** Problem details **
Give the lines again exactly as they appear below, from the line with "Classic Green Plaid" to the line with "BLUSA COM MANGAS", both included, and only those lines. Leave every picture out.

** Data listing **
════════════════════

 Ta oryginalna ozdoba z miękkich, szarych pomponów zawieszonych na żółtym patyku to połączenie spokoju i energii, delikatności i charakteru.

════════════════════

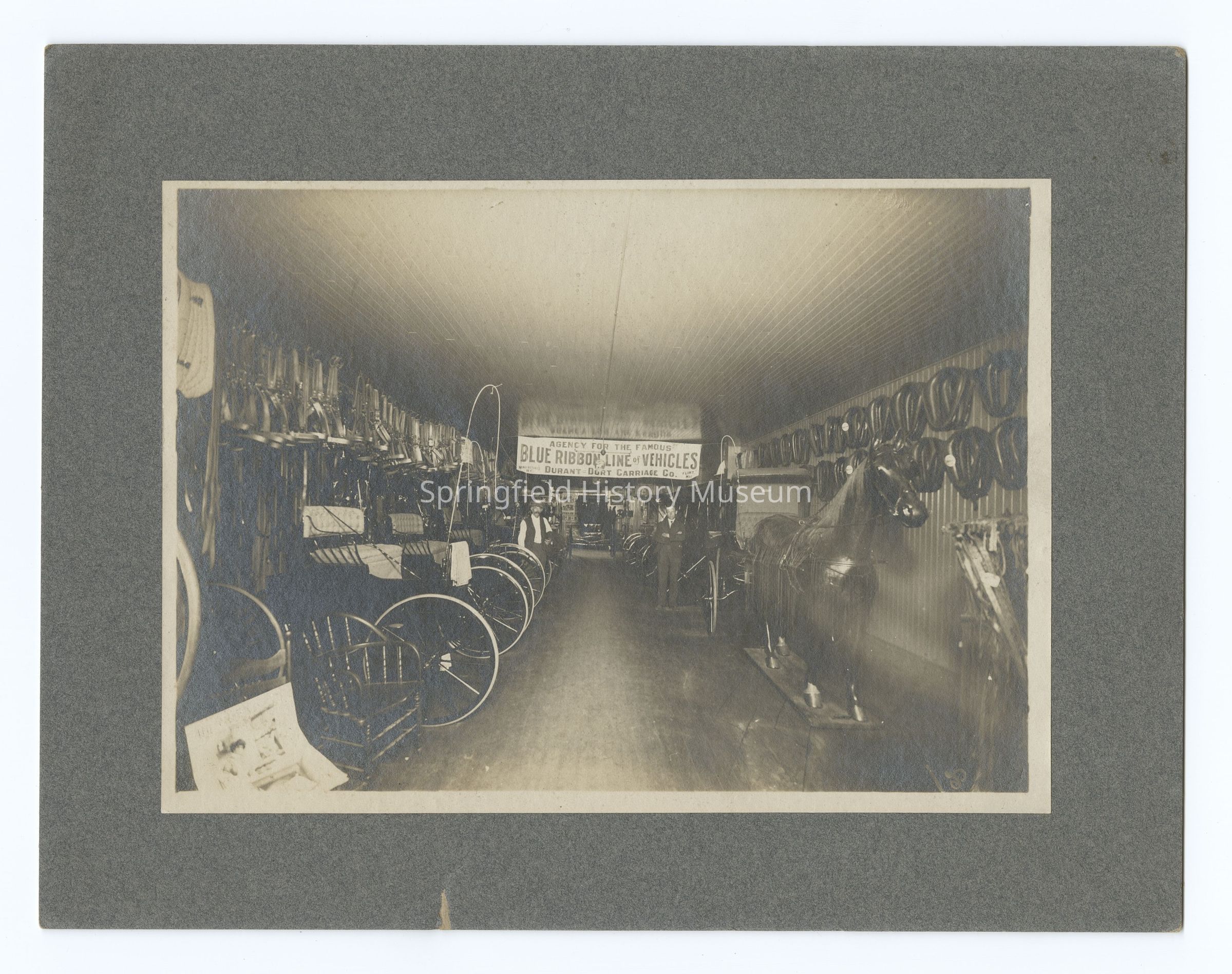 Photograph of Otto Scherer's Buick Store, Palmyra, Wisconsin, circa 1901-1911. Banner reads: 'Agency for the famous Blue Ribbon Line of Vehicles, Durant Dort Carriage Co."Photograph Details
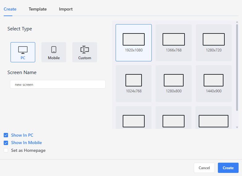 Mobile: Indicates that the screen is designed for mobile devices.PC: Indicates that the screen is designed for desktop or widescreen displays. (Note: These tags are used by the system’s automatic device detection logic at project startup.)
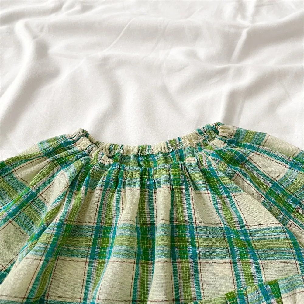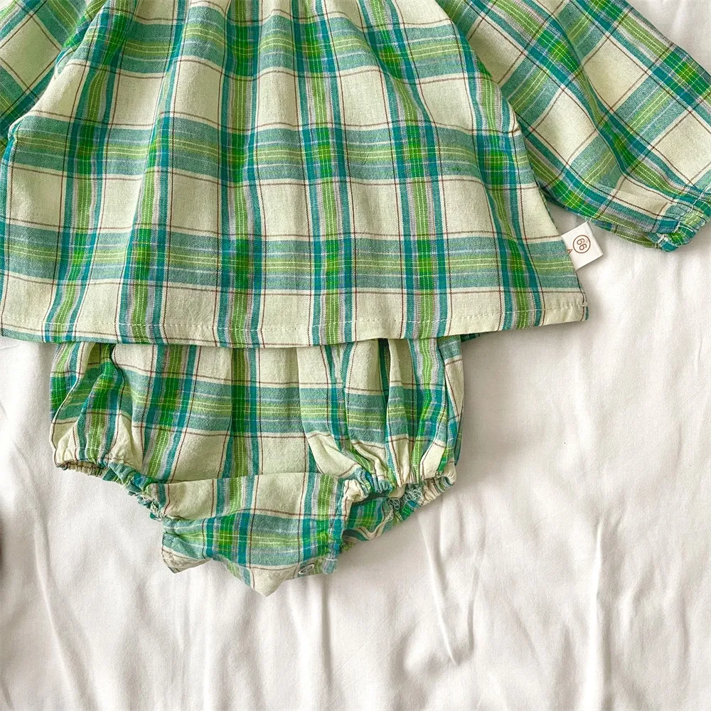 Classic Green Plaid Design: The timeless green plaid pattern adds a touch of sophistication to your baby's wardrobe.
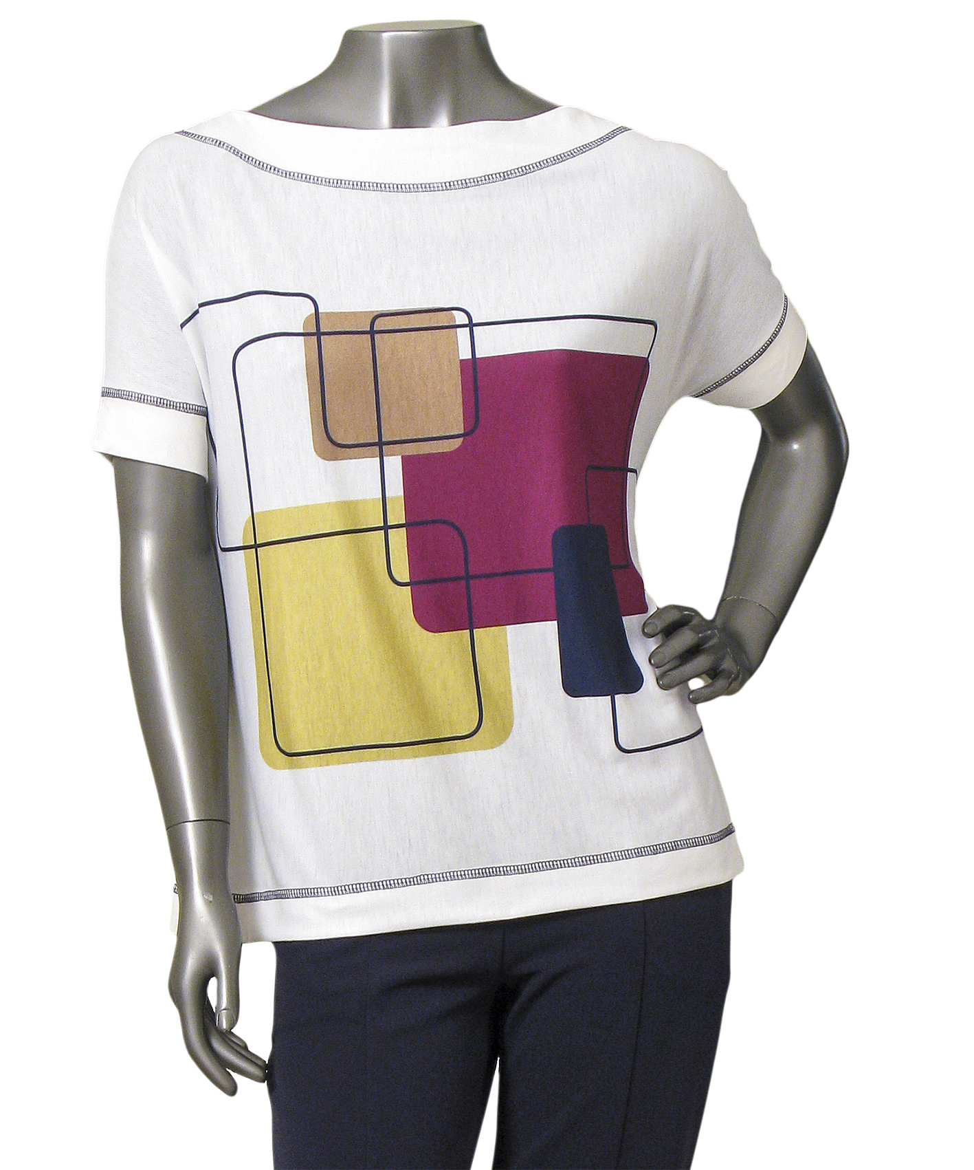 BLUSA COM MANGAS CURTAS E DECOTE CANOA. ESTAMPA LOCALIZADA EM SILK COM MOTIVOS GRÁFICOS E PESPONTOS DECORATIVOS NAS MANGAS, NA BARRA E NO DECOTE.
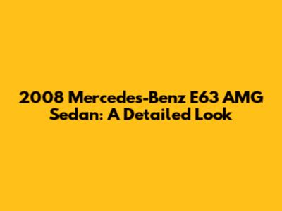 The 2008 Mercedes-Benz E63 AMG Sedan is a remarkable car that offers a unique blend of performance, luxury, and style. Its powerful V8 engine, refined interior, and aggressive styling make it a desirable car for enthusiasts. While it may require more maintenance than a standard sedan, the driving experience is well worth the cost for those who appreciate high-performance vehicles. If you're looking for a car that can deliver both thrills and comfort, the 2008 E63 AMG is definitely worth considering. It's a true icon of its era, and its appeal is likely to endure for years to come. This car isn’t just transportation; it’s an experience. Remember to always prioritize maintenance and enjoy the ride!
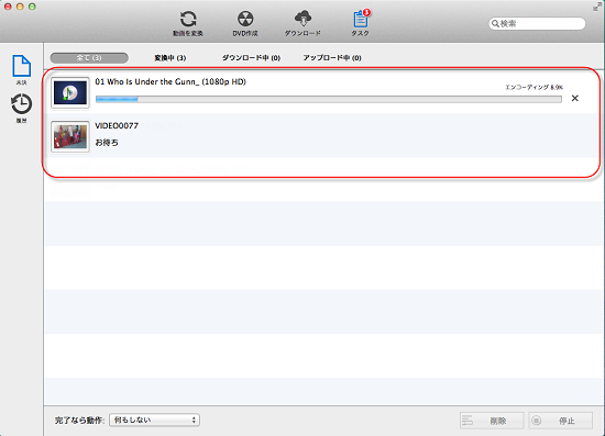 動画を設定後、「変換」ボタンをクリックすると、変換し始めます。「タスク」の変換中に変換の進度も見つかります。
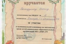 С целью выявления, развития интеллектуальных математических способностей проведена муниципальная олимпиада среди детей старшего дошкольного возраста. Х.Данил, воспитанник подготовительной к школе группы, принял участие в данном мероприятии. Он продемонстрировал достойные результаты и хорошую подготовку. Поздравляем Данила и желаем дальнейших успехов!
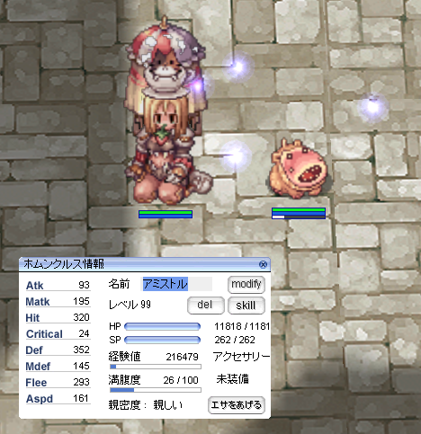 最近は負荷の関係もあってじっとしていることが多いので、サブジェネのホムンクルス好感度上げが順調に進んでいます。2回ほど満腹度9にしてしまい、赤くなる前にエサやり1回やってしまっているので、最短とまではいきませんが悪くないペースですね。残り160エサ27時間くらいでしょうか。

════════════════════

** Response to the exercise **
 Classic Green Plaid Design: The timeless green plaid pattern adds a touch of sophistication to your baby's wardrobe.
 BLUSA COM MANGAS CURTAS E DECOTE CANOA. ESTAMPA LOCALIZADA EM SILK COM MOTIVOS GRÁFICOS E PESPONTOS DECORATIVOS NAS MANGAS, NA BARRA E NO DECOTE.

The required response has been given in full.